Testing¶

SISS tests against real dependencies. docker-compose brings up Postgres, Redis, Pub/Sub emulator, Temporal, fake GCS, and an OpenTelemetry collector. Mocks are used for external providers only (e.g., KMS emulator for signing, recorded Vertex AI responses for AI evals).

Test pyramid¶

UnitContractTemporal replayIntegrationAI evalsUI (e2e)Load

Tool: pytest + pytest-asyncio per service.
Target: ≥ 80% coverage on core domain modules.
Frontend: vitest for component units.
What it catches: logic regressions, boundary conditions.

Tool: Pact (consumer-driven).
What: every inter-service REST call; every Pub/Sub event schema.
Where it runs: on every service PR; producer CI fails on consumer-detected breakage.
What it catches: shape drift between services and between SPA ↔ services.

Tool: Temporal replay test framework.
What: production workflow history is captured and replayed against proposed workflow code changes in CI.
What it catches: breaking workflow changes that would strand in-flight submissions.

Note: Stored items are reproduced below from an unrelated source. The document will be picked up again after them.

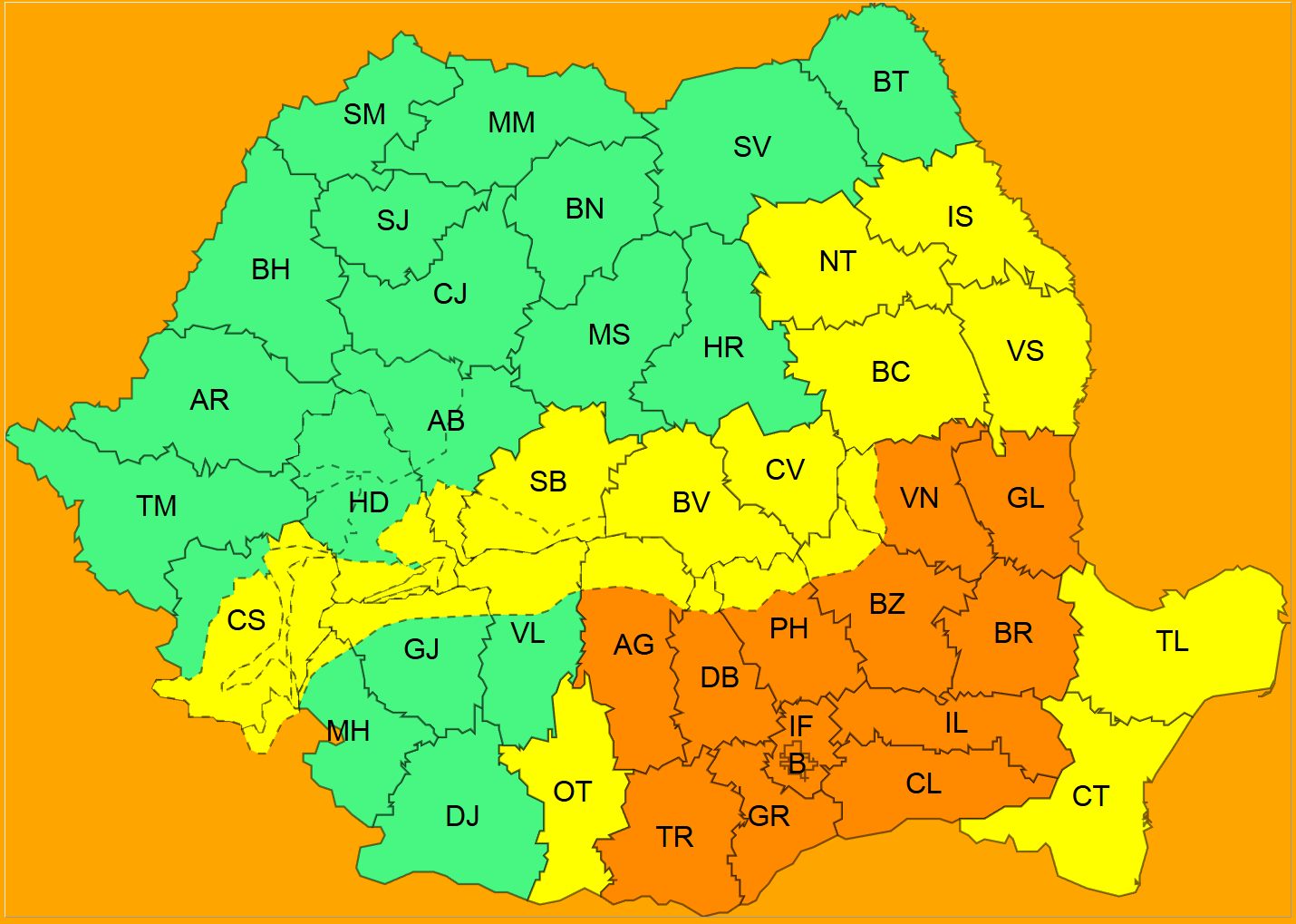 Cea mai severă avertizare este un Cod portocaliu, valabil din 17 februarie, ora 20:00, până pe 18 februarie, ora 12:00. În acest interval, în Muntenia și în sudul Moldovei sunt prognozate ninsori abundente, care vor duce la depunerea unui strat consistent de zăpadă, cu grosimi cuprinse între 20 și 50 de centimetri (echivalentul a 20–50 l/mp). Vântul va sufla cu putere, atingând la rafală viteze de 60–85 km/h, cele mai afectate urmând să fie județele Vrancea, Galați, Buzău, Brăila, Ialomița și Călărași. Meteorologii avertizează că va fi viscol puternic, zăpada va fi troienită, iar vizibilitatea poate scădea sub 50 de metri.
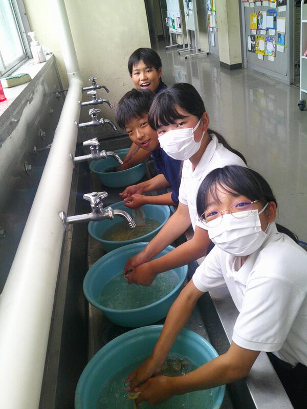 6年生が、水道に一列に並んでなにやら活動中。
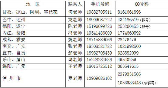 四川化院负责各地市州招生宣传老师联系及咨询方式如下:
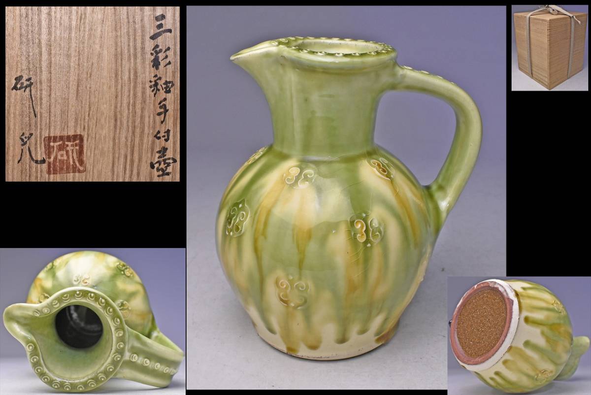 > 舩木研児 ★ 三彩釉手付壺 ★ 共箱 ★ 不志名焼 ★ 洗練された民芸陶 ★ 船木研児 舩木研児 ★ 父:船木道忠 ★
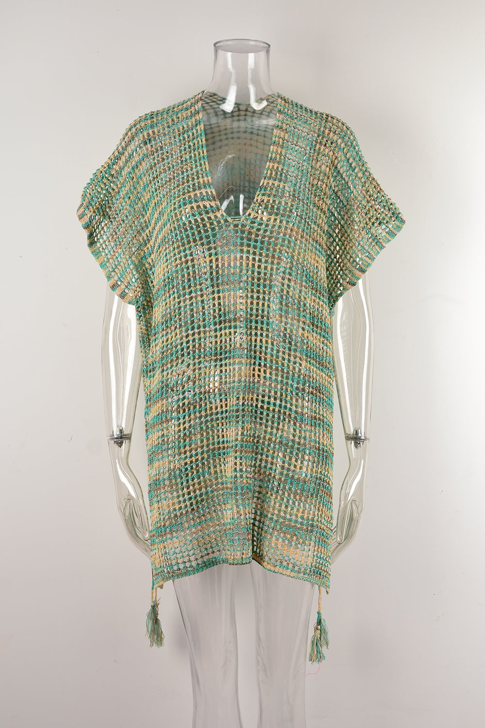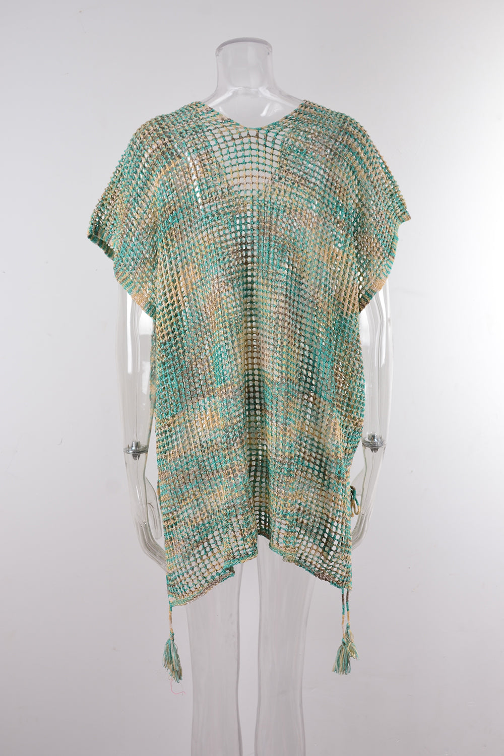 Women Summer Drawstring Loose Beach Cover up Hollow Out Cutout out Knitting Bikini Vacation Sun Protection Clothing
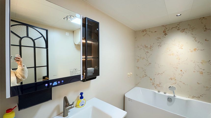 主卧卫生间安装洗手盆、镜柜、马桶、浴缸背靠墙面做满墙花砖,热水器半藏于吊顶。
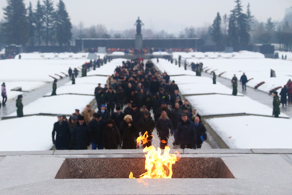 Сегодня, 27 января, на Пискаревском мемориальном кладбище (Санкт-Петербург) прошла торжественно-траурная церемония в честь 73-й годовщины полного освобождения Ленинграда от фашистской блокады.

Stack: full docker-compose — all services + AlloyDB + Pub/Sub emulator + Temporal + fake GCS + KMS emulator.
What: end-to-end happy-path tests per milestone.
What it catches: event-flow bugs that don't surface in unit tests.

Data: golden set per prompt, recorded Vertex responses.
Metrics: parameter extraction F1, verdict accuracy, malformed-output rate. See the AI pipeline for thresholds.
Gate: regression run on every prompt or model change; thresholds block deploy.

Tool: Playwright.
Flows: PSP portal happy path (new submission wizard, direct-to-GCS upload); officer console (review + sign); xeokit viewer interactions (M4 onward).
Stack: runs against docker-compose (not prod-like cloud stubs).

Tool: k6.
Scenarios: 200 concurrent PSP uploads; 50 concurrent officer dashboard reads; workflow throughput.
Gates: the SLOs — if a scenario breaches p95, the build fails.
When: before M6; trend-tracked after.

The end-to-end M2 sign-off test¶

One script, one docker-compose stack, the entire platform:

Log in as PSP → submit a realistic fixture submission.
Watch the Temporal UI advance through the workflow stages.
Log in as CMU officer → accept pre-consult.
Observe ai-svc producing a compliance report; finalise decisions.
Log in as ATD / ATL officer → review + sign off.
Log in as CMU Admin → issue SIGL.
Assert: SIGL + Kertas Perakuan PDFs verify; audit chain is continuous; every expected notification was recorded.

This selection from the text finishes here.